▶ **Recorded data**
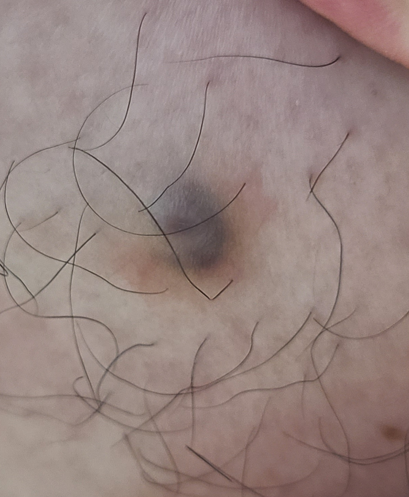 질문자님께서 올려 주신 사진상으로 보았을 때에는 단순 멍으로 발생한 혈종일 가능성이 있겠으나 만일 시간이 지나고도 증상이 완화되지 않는다면 간혹 피부암의 일종인 흑색종일 가능성이 매우 드물게 있을 수 있으므로 근처 피부과에 가셔서 의사의 진료를 받아 보시기를 권유 드립니다.
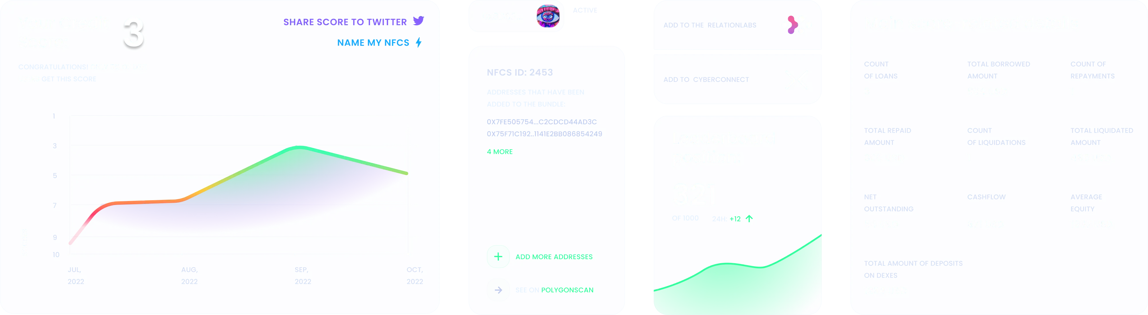 NFCS allows linking more than one address to one credit score. This provides better user experience of accessing RociFi via a single account as well as a chance to improve credit score if a user's DeFi transactional activity is spread across several accounts. Users can connect up to 32 addresses in one bundle. In order to connect several addresses to the NFCS bundle,
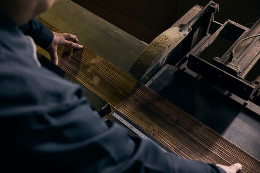 杉板の二面を火であぶり浮造り加工を施し、表面全体を炭化し、耐久性・耐腐食性を高めています。
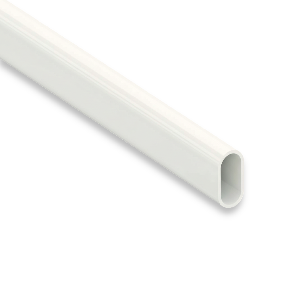 De buis ovaal wit Ø38×20 wordt veel gebruikt als garderobestang. Dankzij de ovale vorm is deze buis bijzonder sterk en daardoor ideaal om kleding aan op te hangen. Het is de klassieke kledingstang, maar dan uitgevoerd in een frisse, moderne witte kleur.

▶ **Assigned task**
Transcribe exactly, with no pictures, the lines running from the first line of the material through the line holding "杉板の二面を火であぶり浮造り".

▶ **The completed task**
 질문자님께서 올려 주신 사진상으로 보았을 때에는 단순 멍으로 발생한 혈종일 가능성이 있겠으나 만일 시간이 지나고도 증상이 완화되지 않는다면 간혹 피부암의 일종인 흑색종일 가능성이 매우 드물게 있을 수 있으므로 근처 피부과에 가셔서 의사의 진료를 받아 보시기를 권유 드립니다.
 NFCS allows linking more than one address to one credit score. This provides better user experience of accessing RociFi via a single account as well as a chance to improve credit score if a user's DeFi transactional activity is spread across several accounts. Users can connect up to 32 addresses in one bundle. In order to connect several addresses to the NFCS bundle,
 杉板の二面を火であぶり浮造り加工を施し、表面全体を炭化し、耐久性・耐腐食性を高めています。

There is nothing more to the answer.